本データベースは、特許庁の審決例をAIで解析・要約したものです。拒絶理由通知に対する意見書作成や、審判請求書等の作成時の参考としてお役立てください。

基本情報

審判番号不服2018−13712(T2018−13712/J1)
審判種別不服
結論敗訴(請求棄却)

結論テキスト

本件審判の請求は,成り立たない。

理由テキスト

第1 本願商標について

(1)本願商標は,「光発毛」の文字を標準文字で表してなり,第10類「発毛・育毛を促進する医療用機械器具,頭部の血行を促進する医療用機械器具,脱毛治療に用いられる機械器具,医療用機械器具,業務用頭皮マッサージ器,家庭用頭皮マッサージ器,家庭用電気マッサージ器」,第11類「発毛・育毛を促進する家庭用電熱用品類,家庭用頭部血行促進機,家庭用電熱用品類,発毛・育毛を促進する業務用機械器具(医療用のものを除く。),業務用頭部血行促進機,美容院用又は理髪店用の機械器具(椅子を除く。)」及び第44類「美容,理容,美容・理容に関する情報の提供,美容・理容に関する指導及び助言,かつら・入れ毛・つけ毛・ヘアエクステンション・頭飾品の選択又は装着に関する情報の提供,かつら・入れ毛・つけ毛・ヘアエクステンション・頭飾品の選択又は装着に関する指導及び助言,毛髪の診断,かつらの装着及びそれに伴う調髪,ヘアカット,ヘアスタイリング,ヘアカラーリング,育毛,発毛,増毛,植毛,育毛・増毛・植毛・発毛及び脱毛の予防に関する情報の提供,育毛・増毛・植毛・発毛及び脱毛の予防に関する指導及び助言,頭皮の健康に関する指導及び助言,健康管理に関する情報の提供,あん摩,頭皮のマッサージ,マッサージ,指圧,カイロプラクティック,きゅう,柔道整復,はり,医療情報の提供,健康診断,医療用機械器具の貸与,美容院又は理髪店用の機械器具の貸与」を指定商品及び指定役務として,平成28年12月28日に登録出願されたものである。

第2 原査定の拒絶の理由(要点)

原査定は,「本願商標は,『光発毛』の文字を標準文字により表してなるところ,『発毛・育毛を促進する機器,発毛,育毛』に関する分野において,『光を利用した発毛・育毛(治療)』が研究,利用されている実情がある。

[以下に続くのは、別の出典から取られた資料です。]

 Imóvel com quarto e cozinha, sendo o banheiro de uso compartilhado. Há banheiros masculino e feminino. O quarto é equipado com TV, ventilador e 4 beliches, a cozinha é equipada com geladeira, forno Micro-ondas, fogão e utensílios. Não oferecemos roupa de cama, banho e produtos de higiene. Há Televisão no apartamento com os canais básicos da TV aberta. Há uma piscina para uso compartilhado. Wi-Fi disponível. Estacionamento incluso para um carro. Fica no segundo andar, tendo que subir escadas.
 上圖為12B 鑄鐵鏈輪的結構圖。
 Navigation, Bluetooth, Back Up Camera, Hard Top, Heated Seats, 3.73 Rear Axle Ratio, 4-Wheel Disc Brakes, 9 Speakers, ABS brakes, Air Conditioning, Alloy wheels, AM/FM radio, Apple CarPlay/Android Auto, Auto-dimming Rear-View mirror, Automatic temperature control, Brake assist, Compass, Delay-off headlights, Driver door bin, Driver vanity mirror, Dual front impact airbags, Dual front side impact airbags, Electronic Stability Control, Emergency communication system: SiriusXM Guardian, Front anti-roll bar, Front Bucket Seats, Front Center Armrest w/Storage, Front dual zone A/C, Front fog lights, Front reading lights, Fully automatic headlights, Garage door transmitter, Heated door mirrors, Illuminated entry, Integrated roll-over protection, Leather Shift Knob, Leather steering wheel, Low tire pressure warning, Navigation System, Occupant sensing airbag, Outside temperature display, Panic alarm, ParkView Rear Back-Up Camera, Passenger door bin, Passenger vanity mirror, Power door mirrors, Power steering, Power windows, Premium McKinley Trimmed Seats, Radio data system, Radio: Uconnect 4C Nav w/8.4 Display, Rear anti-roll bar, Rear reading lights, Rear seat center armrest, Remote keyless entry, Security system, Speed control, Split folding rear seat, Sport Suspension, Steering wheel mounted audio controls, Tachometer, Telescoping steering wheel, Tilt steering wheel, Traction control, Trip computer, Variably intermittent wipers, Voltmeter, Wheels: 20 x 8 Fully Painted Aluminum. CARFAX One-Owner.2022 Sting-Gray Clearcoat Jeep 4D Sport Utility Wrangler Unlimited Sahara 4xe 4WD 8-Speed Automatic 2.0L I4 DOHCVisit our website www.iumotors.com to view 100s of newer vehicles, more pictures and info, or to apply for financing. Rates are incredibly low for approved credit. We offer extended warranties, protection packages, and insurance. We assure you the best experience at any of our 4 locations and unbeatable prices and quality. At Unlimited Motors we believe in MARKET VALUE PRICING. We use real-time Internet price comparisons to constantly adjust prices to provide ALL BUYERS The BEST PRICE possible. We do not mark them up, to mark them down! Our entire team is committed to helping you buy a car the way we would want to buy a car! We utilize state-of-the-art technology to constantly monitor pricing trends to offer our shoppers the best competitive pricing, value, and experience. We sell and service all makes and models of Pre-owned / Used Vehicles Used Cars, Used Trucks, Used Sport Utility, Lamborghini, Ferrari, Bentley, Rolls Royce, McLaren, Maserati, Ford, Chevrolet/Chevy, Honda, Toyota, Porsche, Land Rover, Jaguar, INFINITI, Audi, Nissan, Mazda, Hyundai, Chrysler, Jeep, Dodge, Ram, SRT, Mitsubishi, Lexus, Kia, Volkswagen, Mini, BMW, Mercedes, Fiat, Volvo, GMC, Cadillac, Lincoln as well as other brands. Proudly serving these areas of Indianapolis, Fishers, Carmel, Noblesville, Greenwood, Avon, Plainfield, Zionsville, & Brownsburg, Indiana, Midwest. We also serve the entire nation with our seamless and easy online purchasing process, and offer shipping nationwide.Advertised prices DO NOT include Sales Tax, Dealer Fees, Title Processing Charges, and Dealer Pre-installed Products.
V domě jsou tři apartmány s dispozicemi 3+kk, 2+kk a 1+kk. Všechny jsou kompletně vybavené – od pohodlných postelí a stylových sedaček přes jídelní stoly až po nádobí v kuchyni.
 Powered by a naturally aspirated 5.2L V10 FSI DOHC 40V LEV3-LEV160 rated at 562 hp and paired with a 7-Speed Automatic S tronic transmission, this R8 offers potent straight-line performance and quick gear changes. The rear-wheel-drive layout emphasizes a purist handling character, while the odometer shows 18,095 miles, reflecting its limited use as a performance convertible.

そうすると,本願商標をその指定商品及び指定役務中の『発毛・育毛を促進する医療用機械器具,同家庭用電熱用品類,同業務用機械器具(医療用のものを除く。)並びに発毛及び育毛』などの『発毛・育毛』に係る商品又は役務に使用する場合,これに接する取引者,需要者は,単に『光を利用した発毛』の意味合いを理解するにとどまり,本願商標は,何人かの業務に係る商品・役務であることを認識することができない商標と認められる。したがって,本願商標は,商標法第3条第1項第6号に該当する。」旨認定,判断し,本願を拒絶したものである。

第3 当審において通知した審尋

当審において,平成31年4月9日付けで,本願商標が商標法第3条第1項第3号に該当する旨の見解を示す審尋を通知し,これに対する回答を求めた。

第4 審尋に対する請求人の回答(要旨)

1 本願商標は,「光を用いた発毛」の意味合いが生じることは否定できないが,ほかに,「一度失われた(かのように見える)頭髪を再び光輝くような頭髪に生育させること」等の複数の意味合いが生じ得る語であり,指定商品及び指定役務との関係において,需要者及び取引者に商品の品質などを直接的かつ一義的に理解させることはなく,また,「光」は赤色LED,近赤外光などの複数の意味合いを有しているため,「光を用いた発毛」からは,どのような光をどのようにして用いるのかが不明であり,漠然と広範な意味合いであることから,指定商品等との関係において,商品等が有する一定の品質を取引者,需要者に直ちに認識させない。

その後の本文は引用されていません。